Create and manage email addresses and phone numbers in PHP. Send and receive emails, attachments, and SMS in code and tests. Here is a quick example:

// configure mailslurp/mailslurp-client-php library
$config = MailSlurp\Configuration::getDefaultConfiguration()
->setApiKey('x-api-key', getenv("API_KEY"));
$inboxController = new MailSlurp\Apis\InboxControllerApi(null, $config);
// create an inbox
$inbox = $inboxController->createInboxWithDefaults();
// send an email
$sendOptions = new MailSlurp\Models\SendEmailOptions();
$sendOptions->setTo([$inbox->getEmailAddress()]);
$sendOptions->setSubject("Test");
$sendOptions->setBody("Hello");
$inboxController->sendEmail($inbox->getId(), $sendOptions);
// receive the email
$waitForController = new MailSlurp\Apis\WaitForControllerApi(null, $config);
$email = $waitForController->waitForLatestEmail($inbox->getId(), 120000, true);
$this->assertNotNull($email->getBody());

Video tutorial

PHP mailslurp tutorial

Examples

Get started

MailSlurp is an email API that lets you create email addresses on demand then send and receive emails in code and tests. No MailServer is required.

This section describes how to get up and running with the PHP client. To use another language or the REST API see the developer page.

See the examples page for code examples and use with common frameworks.

See the method documentation for a list of all functions.

Get an API Key

You need a free MailSlurp account to use the service. Sign up for a free account first.

Once signed up login your dashboard. Find your API Key and copy the code.
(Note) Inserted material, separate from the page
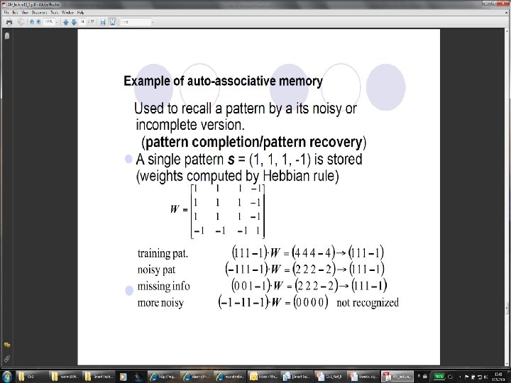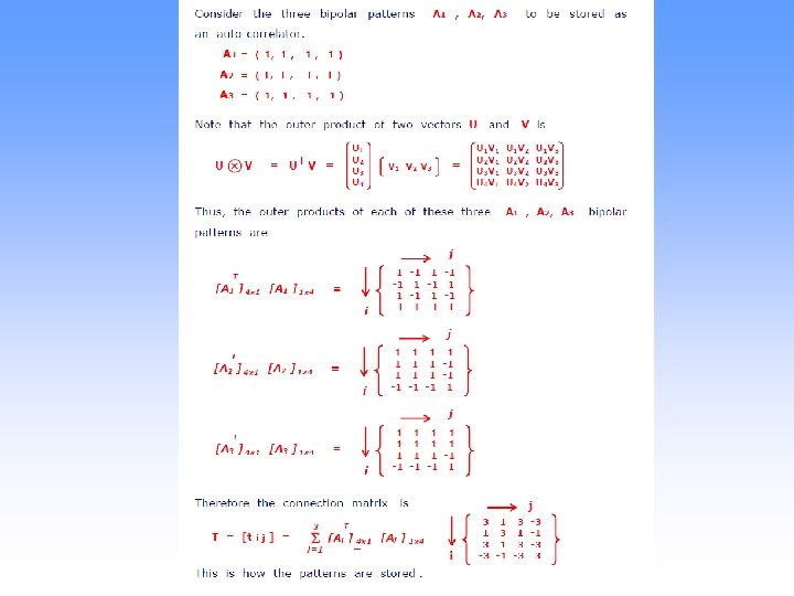 Using Matrices Goal: Set weights such that an input vector Vi, yields itself when multiplied by the weights, W. X = V 1, V 2. . Vp, where p = # input vectors (i. e. , patterns) So Y=X, and the Hebbian weight calculation is: W = XTY = XTX 1 1 -1 1 1 1 X= 1 1 -1 1 XT = 1 -1 1 1 -1 -1 3 1 -1 1 XTX = 1 3 1 -1 -1 1 3 -3 1 -1 -3 3 Common index = pattern #, so this is correlation sum. w 2, 4 = w 4, 2 = x. T 2, 1 x 1, 4 + x. T 2, 2 x 2, 4 + x. T 2, 3 x 3, 4

You'll need this to configure the MailSlurp client in PHP.

find-api-key

Copy your API Key from the MailSlurp dashboard.

PHP Setup

The client is tested for PHP 7 and requires the following non-default PHP extensions to be installed:

php-ext-curl
php-xml
php-mbstring

Typically, these come with most PHP installations. On Linux they can also be installed like so:

sudo apt-get install php-ext-curl php-mbstring php-xml

Add PHP Library

There are several ways to install MailSlurp.

a) Composer dependency

If you use the composer package manager you can run:

composer require mailslurp/mailslurp-client-php

Or add it to your composer.json file:

{
"repositories": [
{
"type": "vcs",
"url": "https://github.com/mailslurp/mailslurp-client-php.git"
}
],
"require": {
"mailslurp/mailslurp-client-php": "*@dev"
}
}

Then include the library with the composer autoload convention:

<?php
// assuming your file is in root directory and a vendor folder exists next to it
require_once(__DIR__ . '/vendor/autoload.php');

b) Manual installation

Alternatively you can download the PHP Library and include it in your project's root directory.

php-email-library-github

Download the MailSlurp PHP email libraryMailSlurp dashboard.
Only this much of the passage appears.